8. Effects of Noise on Animals
48
Kryter (1994) reviewed studies on the effects of noise both on wildlife and farm animals.
None of these studies examine noise-induced hearing loss, but rather looked at effects of noise on
litter size, prevalence of wildlife, and milk production. Most of the studies were conducted to
examine the effects of airport noise, including noise from landings and takeoffs and sonic booms
near commercial and military airports, and noise from construction activities during laying of
pipelines across wilderness areas. Negative impacts on wildlife and farm animals, due to noise,
were not supported by the studies. In the airport studies, the absence of human activities in the
areas surrounding the high noise exposure zones appeared to be more important than noise,
resulting in abundant wildlife. Farm animals exposed to frequent sonic booms showed little or no
negative effects, again using such criteria as reproduction, milk production, and growth rate. No
study, however, has examined the effects of leaf blower noise on animals.
49
IV. POTENTIAL HEALTH AND ENVIRONMENTAL
IMPACTS OF LEAF BLOWERS
This section of the report synthesizes the information presented in the two previous
sections, hazard identification and health effects, and characterizes the potential health impacts of
leaf blowers on operators and bystanders. As discussed previously, there are no studies of the
health impacts of leaf blowers, and essential information is missing that prevents ARB from
preparing a quantitative risk characterization.
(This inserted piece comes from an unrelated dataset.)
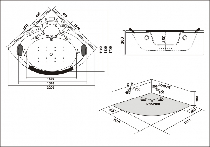 *16 air jets mounted on the bottom of the bathtub (Jacuzzi function) !!!

There is, for example, no information on the
quantitative relationship between exposure to hazards from leaf blowers and adverse effects. The
size of the exposed population and the magnitude and duration of exposures are also unknown.
The goal of this section, then, is to point the discussion in directions dictated by the findings of the
two previous sections, and to raise questions about the nature of health impacts that may be
experienced by those exposed to the exhaust emissions, fugitive dust, and noise from leaf blowers
in both occupational and non-occupational settings.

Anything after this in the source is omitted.